Understanding these metrics gives you a fundamentally different lens on the game. When a team’s xGF% is consistently above 55% but they’re losing games, you’re watching a team that’s playing well but running cold — and likely to bounce back. When a player’s Corsi is elite but their goals are down, the goals will probably return.
The numbers don’t tell the whole story. But ignoring them means missing half of it.
xG (expected goals) assigns a probability to each shot based on historical data. A shot from directly in front of the net on a rebound might carry an xG of 0.25 — meaning 25% of similar shots result in goals. A shot from the blue line with no traffic might be 0.03.
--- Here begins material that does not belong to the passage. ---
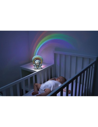 Chicco Rainbow Bear Proiettore Musicale è il compagno perfetto per aiutare i neonati a creare un ambiente sereno e rilassante per il sonno. Questo adorabile orsetto combina una proiezione di luce arcobaleno con musica calmante, rendendo il momento della nanna un'esperienza magica.

Corsi (CF%) is the percentage of all shot attempts directed at the opposing net while a player or team is on ice. It includes shots on goal, missed shots, and blocked shots. Above 52% is positive; above 55% is elite.
Corsi counts all shot attempts equally — a blue-line shot counts the same as a slot shot. Expected goals weight each shot by its probability of scoring. Most modern analysts prefer xG because it captures both volume and quality.
GSAX (Goals Saved Above Expected) compares a goalie’s actual goals allowed versus expected goals allowed based on shot quality faced. It’s the most accurate measure of goaltender value because it accounts for the difficulty of shots faced.
PDO is shooting percentage plus save percentage, always averaging 100 across the league. It measures luck — teams above 100 are running hot and tend to regress, teams below 100 are cold and tend to improve. It’s the most useful tool for identifying whether a team’s record is sustainable.